S. Francis, the “Jongleur de Dieu,” was actually a poet before his conversion, and his whole life had the pervading unity and rhythm of a perfect work of art. Not that he was a conscious artist. The whole keynote of the Franciscan teaching was its spontaneity, but his feelings for moral and æsthetic beauty were intimately united. Indeed, his life, like the Italian art which in a sense arose from it, like the Gothic French art which was a simultaneous expression of the same spirit, implies an attitude, as rare in life as in art, in which spiritual and sensuous beauty are so inextricably interwoven that instead of conflicting they mutually intensify their effects.

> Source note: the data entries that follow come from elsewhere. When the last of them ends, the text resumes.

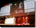 Démo: Pierre Lagarde nous montre le SDK Azure sous Visual Studio 2008. Il fait une application Web qui sera hébergée dans le nuage. Pour stocker les photos de l'application, il utilise des blobs dans le nuage, qui permet notamment d'y accéder via la technologie REST. Il utilise une interface Silverlight pour uploader les photos. Pour traiter les photos, il utilise une application "Worker Role", qui permet de modéliser un service, en l'occurrence de file d'attente - et pour cela il écrit une simple boucle while. Pour la publication de l'application, il n'y a qu'un fichier package avec un fichier de configuration à uploader.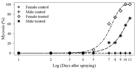 Female adult cadavers with fungal sporulation (mycosis) were significantly higher in number than those of males at 11 days after spraying (p < 0.001) (Figure 2). No infected adults were observed in the controls, and the counts differed between male and female groups (p = 0.005, p < 0.0001, respectively) (Figure 2). The LT50 was lower for females (7.1 days) than for males (9.7 days) (Table 4).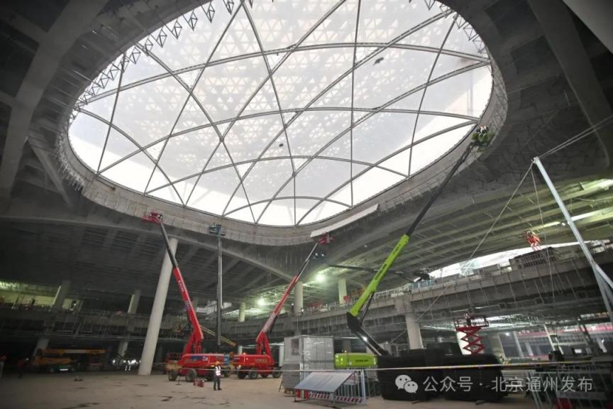 目前,副中心站综合交通枢纽主体结构封顶,装修完成过半,帆屋盖主帆钢结构实现封顶,首片主帆泡泡采光顶安装完成,整体形象已经亮相。今年年底,枢纽装修、设备安装将完成80%。

Not only was the legend of S. Francis’ life full of suggestions of poetical and artistic material, but his followers rewrote the New Testament from the Franciscan point of view, emphasising the poetical and dramatic elements of the story. In particular they shifted the focus of interest by making the relationship of the Virgin to her son the central motive of the whole. It will be seen that Italian artists down to Raphael turned rather to the Franciscan than the Vulgate version.[22] In fact, S. Bonaventura and the great poet of the movement, the cultivated and ecstatic Jacopone di Todi, did for the Christian legend very much what Pindar did for classical mythology; without altering the doctrine they brought into full relief its human and poetical significance.

It is not surprising, then, to find that the great church at Assisi, built with all the magnificence that the whole of Italy could contribute to honour the spouse of Divine Poverty, should be the cradle of the new art of Italy—the neo-Christian or Franciscan art, as we might almost call it.

The lower church of S. Francesco was probably decorated almost immediately after the building was finished, between 1240 and 1250, but these early works are almost obliterated by a second decoration undertaken after 1300. We must therefore turn to the upper church, the paintings of which were probably completed before 1300, as the chief source of our knowledge of the emergence of the new Italian style. It was there that the Italian genius first attained to self-expression in the language of monumental painting—a language which no other nation of modern Europe has ever been able to command except in rare and isolated instances.

And here we plunge at once into a very difficult, perhaps an insoluble problem: who were the painters who carried out this immense scheme of decoration? The archives of the church have been searched in vain, and we are left with a sentence of Ghiberti’s commentary, and Vasari, who here proves an uncertain guide, so that we are thrown chiefly on the resources of internal evidence.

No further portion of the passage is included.